### [Given information]

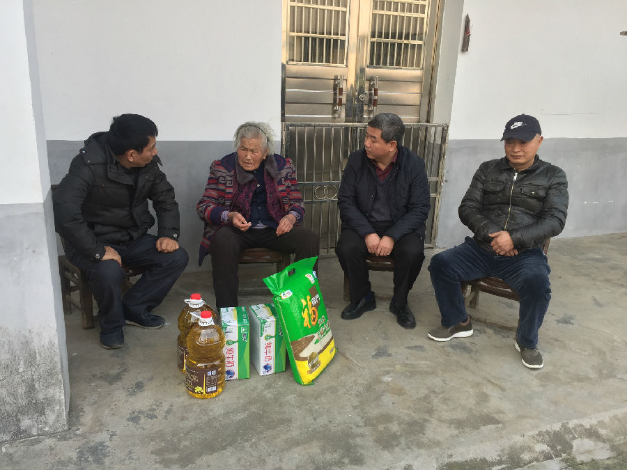 大家首先走访慰问了程会得家。因今年承包的鱼塘即将到期,程会得一家当天正在整修家中的小鱼塘,以便将鱼换地方喂养。支委委员梁伟荣和党员代表石斌赶忙带头帮助贫困户挑水泥,党员代表李姣、刘晋等则帮助贫困户清扫房间。忙活完这些之后,支部书记刘晖详细询问了贫困户今年集中收入状况和当前存在困难。随后,大家又来到贫困户曹进七家中,看望家中老人并送去慰问品。
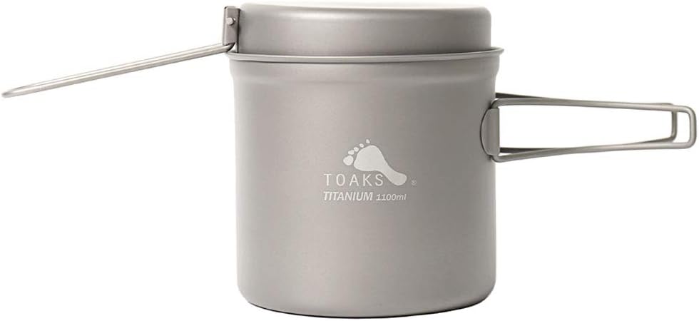 Toaks titanium outdoor camping pan, hiking cookware, backpacking cooking picnic bowl, pot pan set, 1100ml
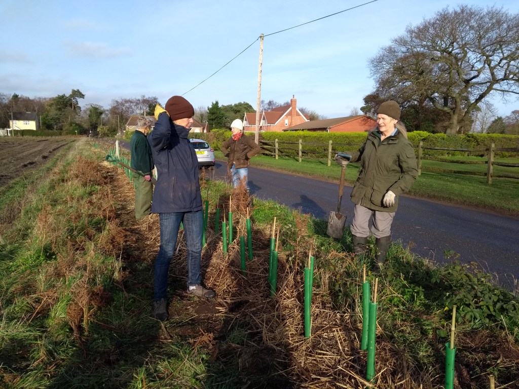 The hedging was supplied by Suffolk Tree Warden Network sponsored by the Tree Council, with the Woodland Trust and Suffolk County Council working in partnership. The straw for mulching was supplied by James Stock, Master Thatcher.

### [Instructions for the task]
What you give back must be exactly the lines of the listing above from the line containing "Toaks titanium outdoor" through its last line, inclusive, without pictures, please.

### [Reply]
 Toaks titanium outdoor camping pan, hiking cookware, backpacking cooking picnic bowl, pot pan set, 1100ml
 The hedging was supplied by Suffolk Tree Warden Network sponsored by the Tree Council, with the Woodland Trust and Suffolk County Council working in partnership. The straw for mulching was supplied by James Stock, Master Thatcher.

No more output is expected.